What better time to look back?
Nobody really believed Shahbaz Sharif’s six-month boast about ending load shedding on the last campaign trail. Even Nawaz dismissed it – before the election. But there was a general feeling that PML-N seemed determined to do a better job on electricity, at least, than PPP. The one-chunk Rs500b odd payoff of the circular debt immediately after coming to office, though dubious in so many ways, did reset the system. The main problem, at the end of the day, was not capacity to produce, but rather the hundreds of billions stuck in non-payments, choking DISCOs, GENCOs, etc, to the point of shutting down the system itself.
Yet load shedding has stayed right at the top of the government’s problems right through this cycle, with no prospects of improvement in the final lap. Also, the circular debt is past the Rs500b mark again. And since there was no audit of the last payment, and the problem has crept right back to where it was when PML-N first tried to tackle it, the ruling party has effectively sent Rs500b straight to money heaven with nothing to show. Once again, we’re erecting one power plant after another, but failure to ensure payment remains unchecked.

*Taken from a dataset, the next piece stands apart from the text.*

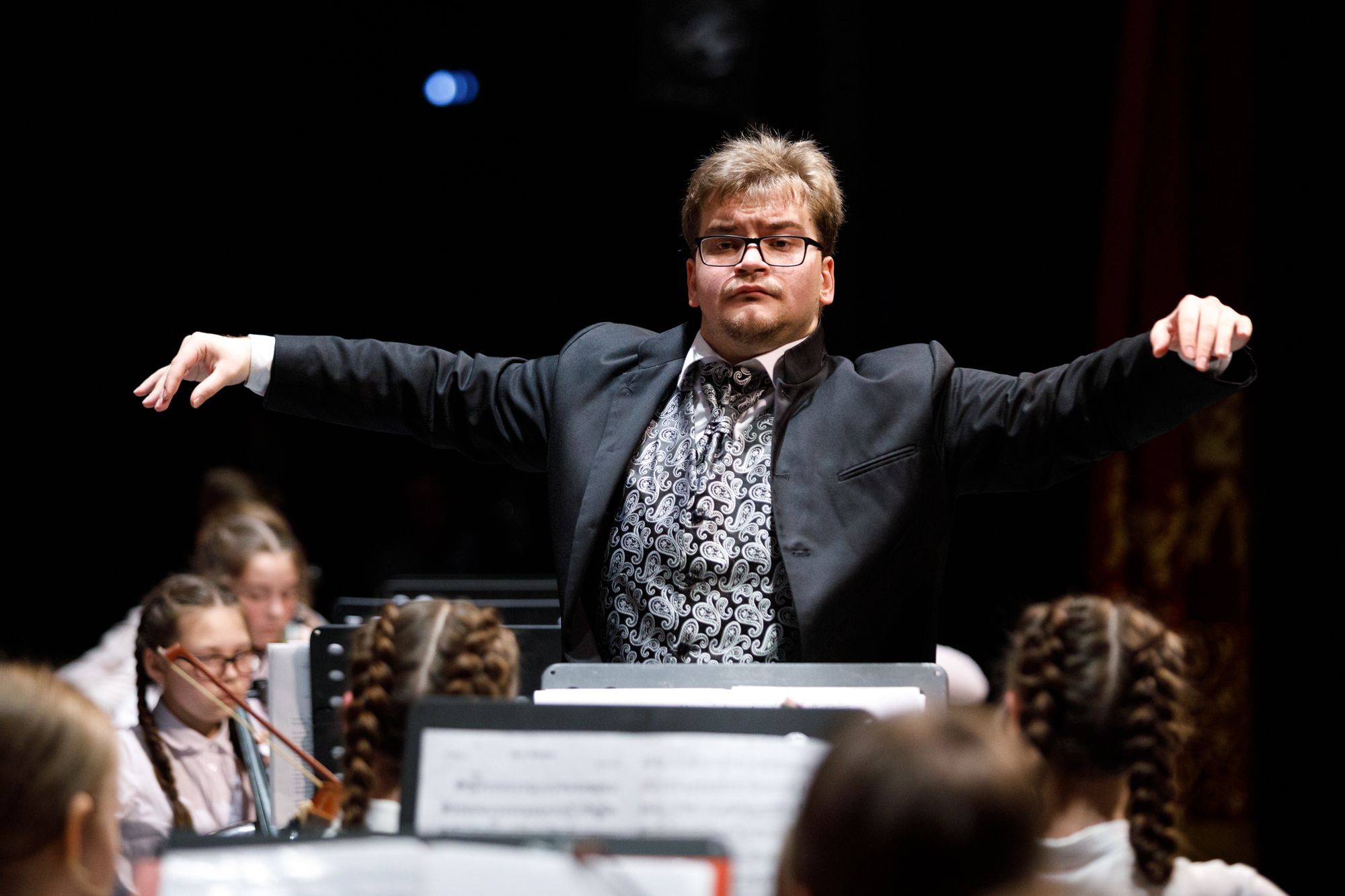 В состав Всемарийского детского симфонического оркестра вошло без малого 100 учеников школ искусств со всей республики. В том числе учащиеся Национальной президентской школы искусств, а также ребята из Морков, Куженера, Сернура, Медведево, поселка Юбилейный и, конечно, начинающие музыканты из Йошкар-Олы.- Для нашей республики этот концерт - поистине историческое событие, - сказал Константин Иванов. – Сердце радуется, душа поет, когда смотришь на выступление юных, но уже профессиональных музыкантов, овладевающих, прежде всего, такими редкими инструментами, как валторна, гобой, туба, фагот, кларнет. Это впечатляет. И, безусловно, никакой симфонический оркестр не обходится без скрипок, виолончелей, флейт. В этом смысле наш коллектив укомплектован практически на 100 процентов. Но, тем не менее, скажу, что это не какое-то развлекательное шоу для родителей, педагогов и зрителей. Это образовательный процесс. Наша задача – объединять, увлекать детей, занимающихся в школах искусств, идеей серьезного погружения в искусство, чтобы потом как можно больше из них оставались в республике и работали в культуре.

There’s only so long the government can CPEC its way out of questions regarding the economy. With the budget approaching – where all important targets will be missed, as usual – the finance minister will have some tough questions to answer regarding the bloated deficit. Even CPEC can achieve only so much when its trade highways cut through land with no power – electricity, gas – to leverage the spillover. Yet once again PML-N is making promises of ending load shedding. But this time they’re being more realistic about the time frame; rightly asking for another five years.